> **THE TASK**: The whole listing needs retyping exactly; keep the pictures out of it.

---------- DATA SECTION

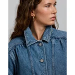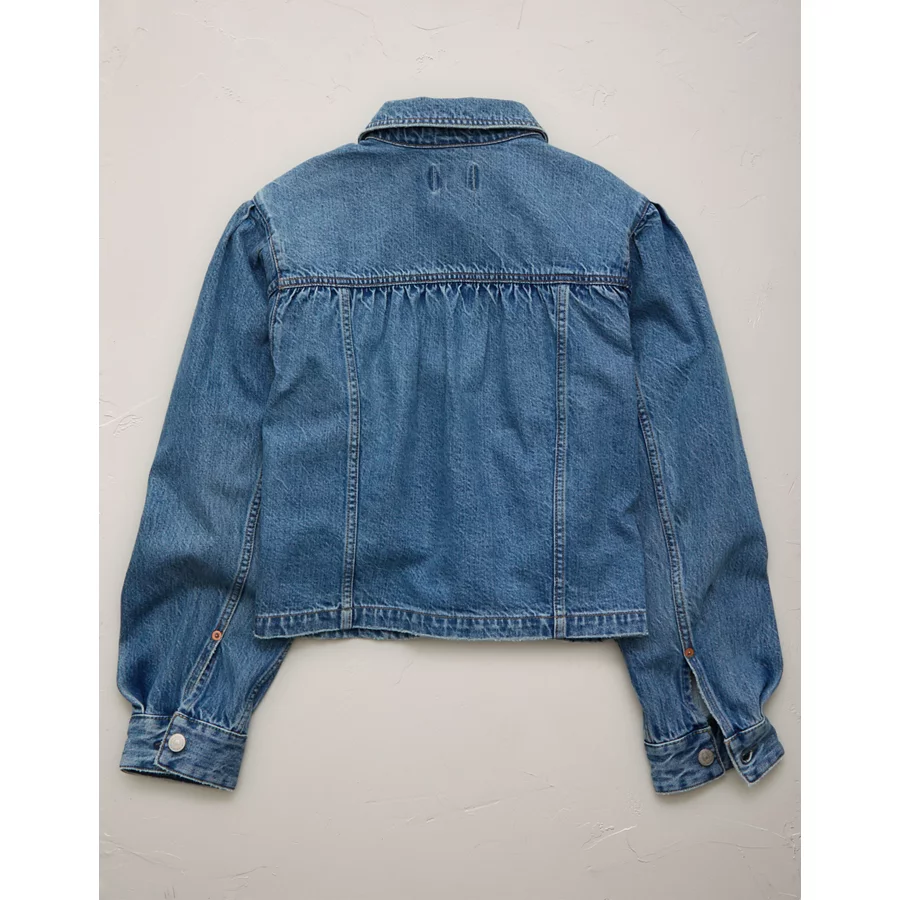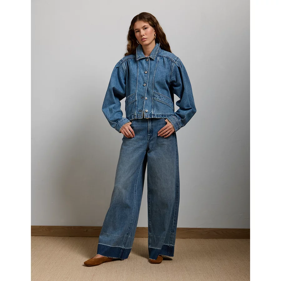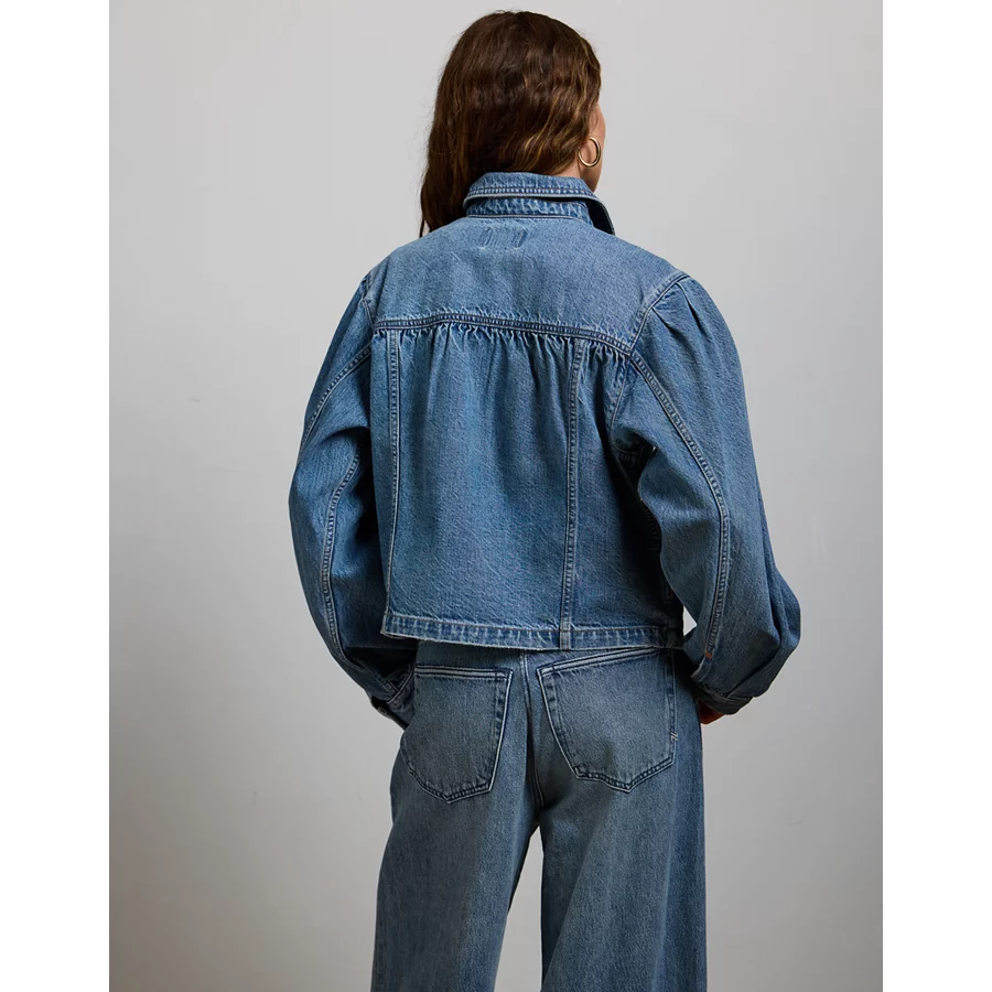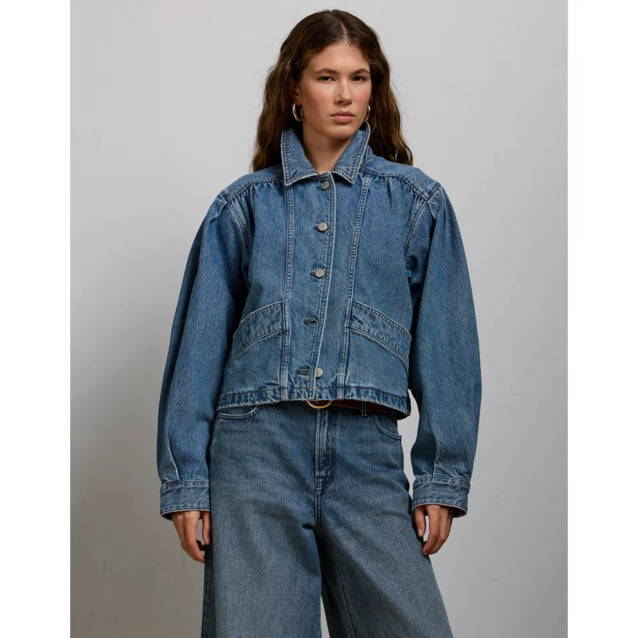 AE77 Premium Denim Cropped Jacket – Medium Wash
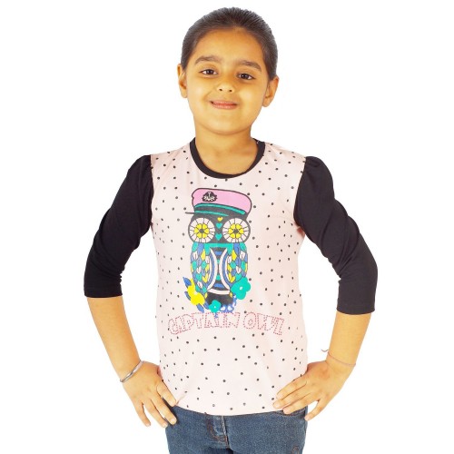Naughty Ninos OWL printed and embellished Tshirt in Baby Pink and Black combo
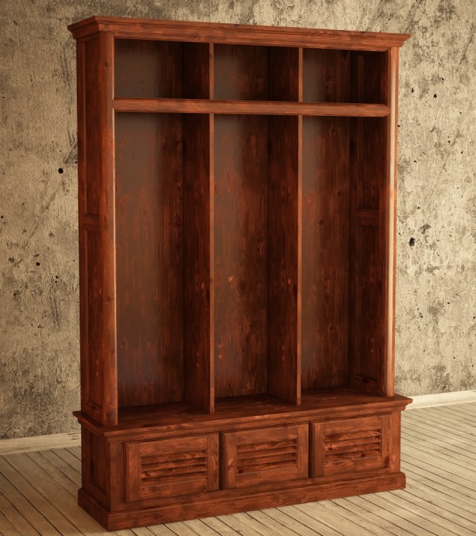 Открытый гардеробный шкаф без дверей для классической прихожей, веранды или раздевалки. Модель выполнена из натурального массива в колеровке под орех. Три высокие ниши вверху разделены перегородкой, создавая тем самым небольшие полки. В нижнем корпусе обустроены три ниши для выдвижных ящиков или на дверцах-жалюзи.
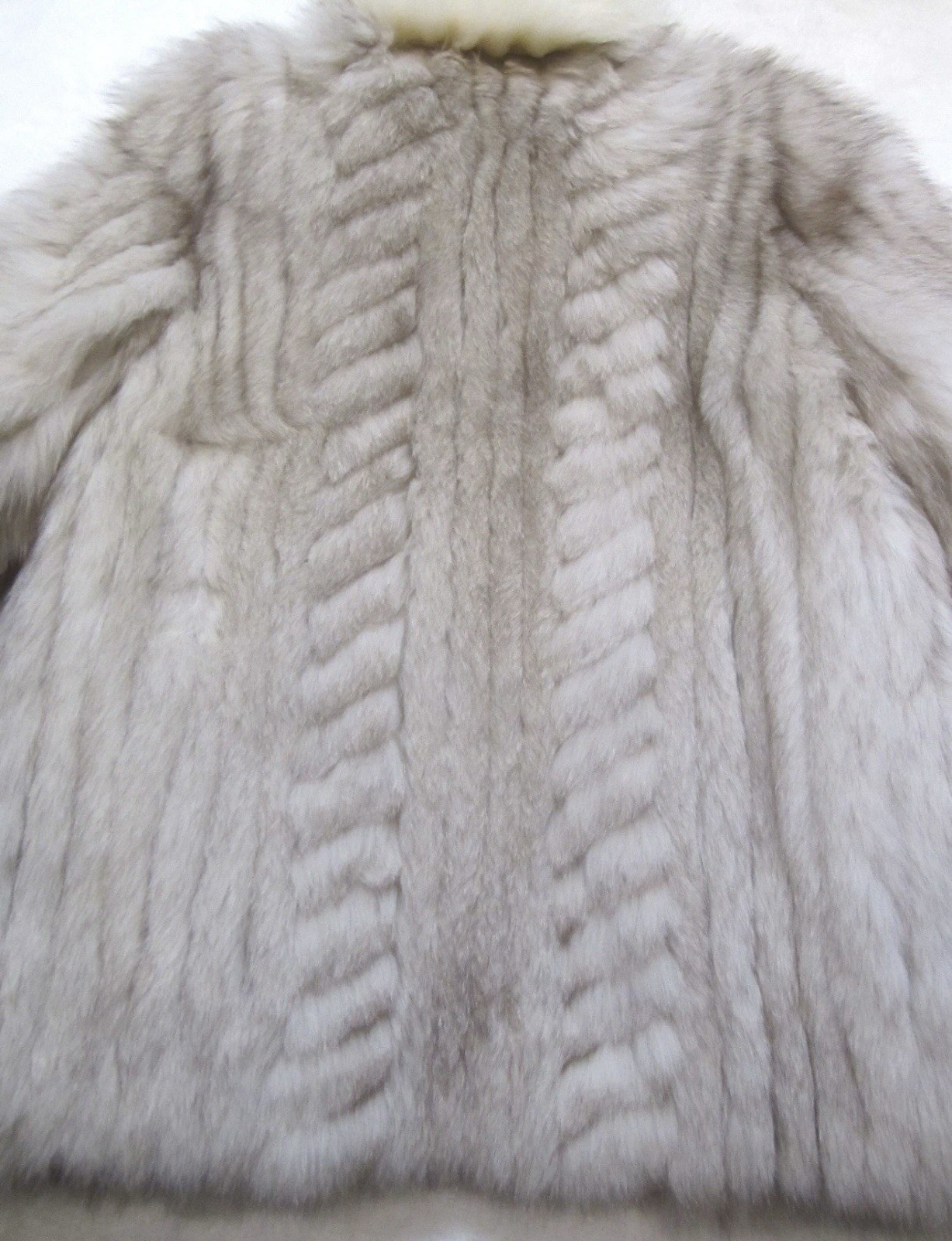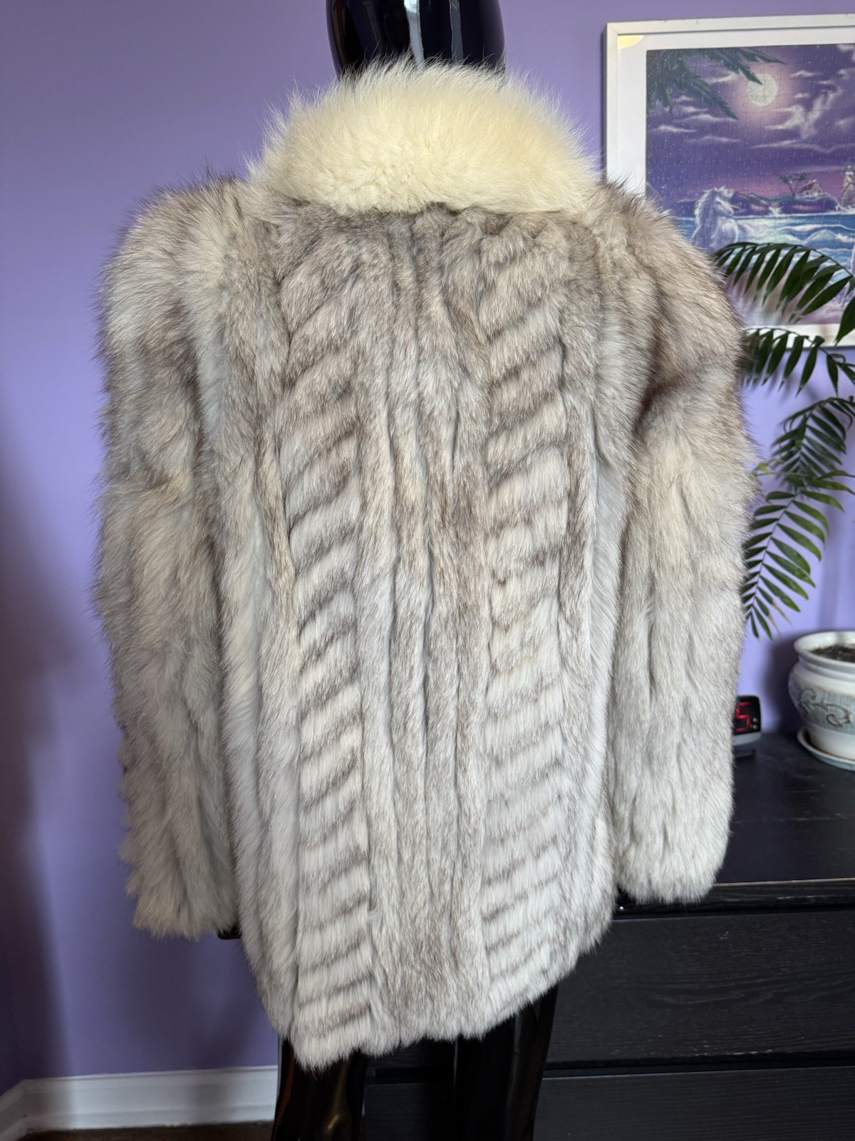 Saga Fox Genuine Blue Silver Fox Fur Coat With White Fox Trim Gorgeous sz Small
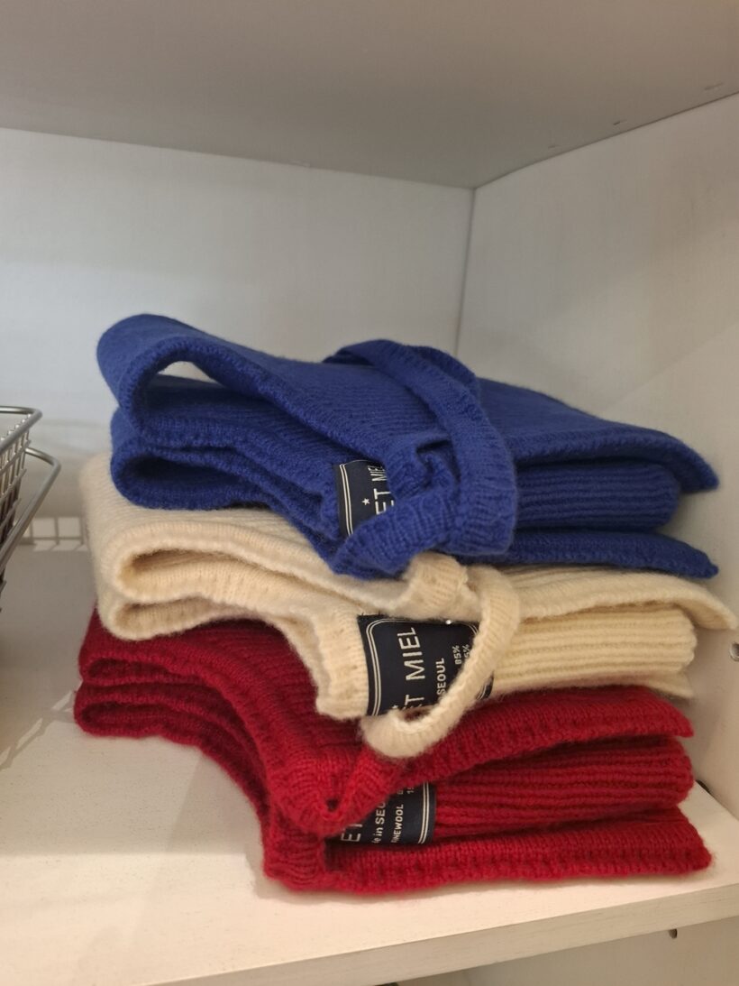 CARE: 使用洗衣機時,請務必使用羊毛清潔模式, 使用 <洗衣網> 單獨冷水洗, 避免將深色衣物與淺色衣物混合洗滌, 平鋪晾乾
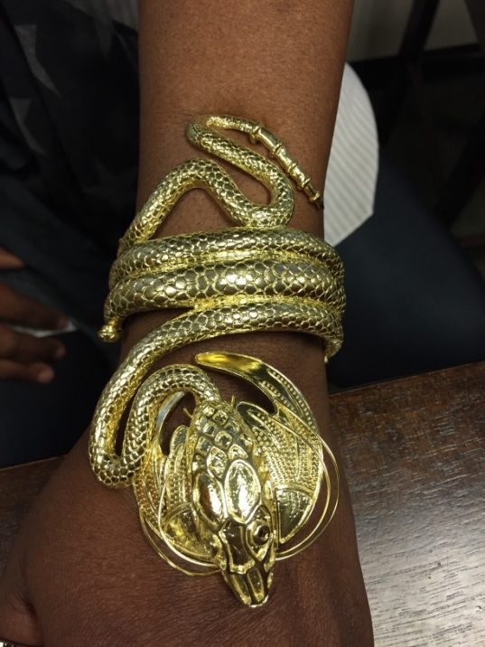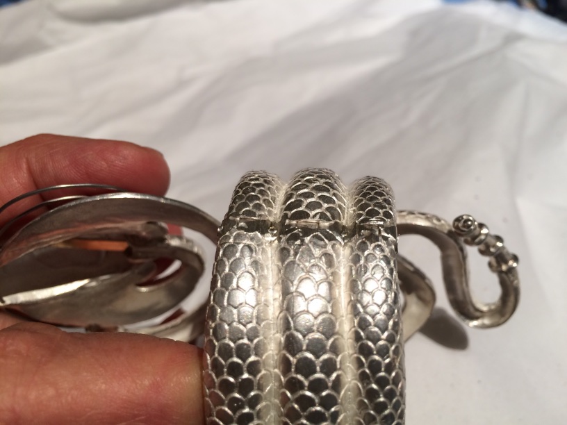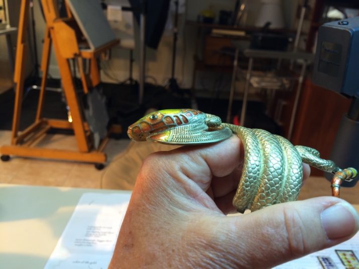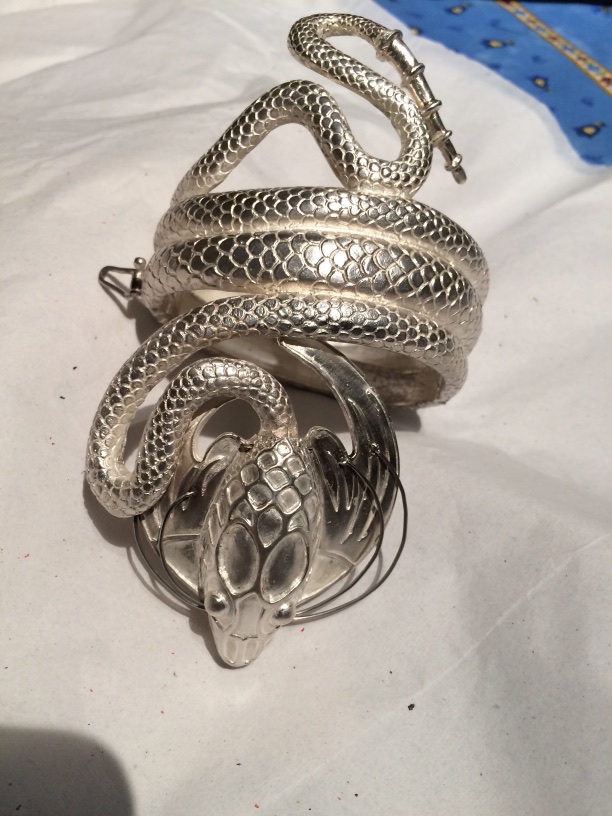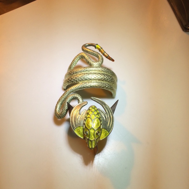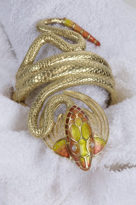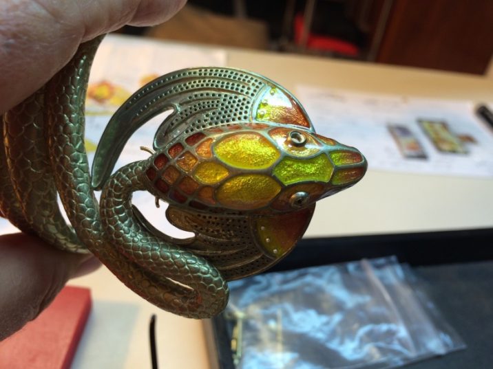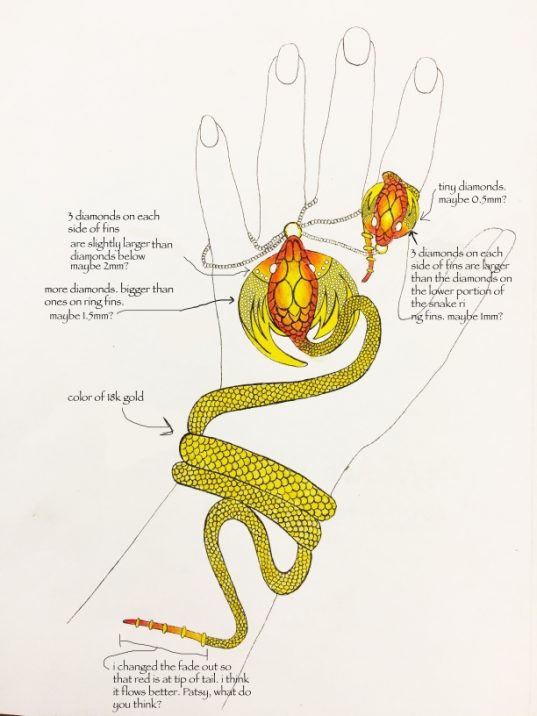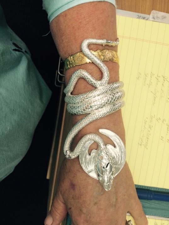 I joined Elisa Melegari a designer and artist, in creating a jewel called the “The Dragon”. Named by the client Whoopi Goldberg. This bracelet and ring combo was inspired by the bracelet designed by Alphonse Mucha and executed by George Fouquet, “The Serpent” 1899 for Sarah Bernhardt.

--------------------

> **EXERCISE RESULT**:
 AE77 Premium Denim Cropped Jacket – Medium Wash
Naughty Ninos OWL printed and embellished Tshirt in Baby Pink and Black combo
 Открытый гардеробный шкаф без дверей для классической прихожей, веранды или раздевалки. Модель выполнена из натурального массива в колеровке под орех. Три высокие ниши вверху разделены перегородкой, создавая тем самым небольшие полки. В нижнем корпусе обустроены три ниши для выдвижных ящиков или на дверцах-жалюзи.
 Saga Fox Genuine Blue Silver Fox Fur Coat With White Fox Trim Gorgeous sz Small
 CARE: 使用洗衣機時,請務必使用羊毛清潔模式, 使用 <洗衣網> 單獨冷水洗, 避免將深色衣物與淺色衣物混合洗滌, 平鋪晾乾
 I joined Elisa Melegari a designer and artist, in creating a jewel called the “The Dragon”. Named by the client Whoopi Goldberg. This bracelet and ring combo was inspired by the bracelet designed by Alphonse Mucha and executed by George Fouquet, “The Serpent” 1899 for Sarah Bernhardt.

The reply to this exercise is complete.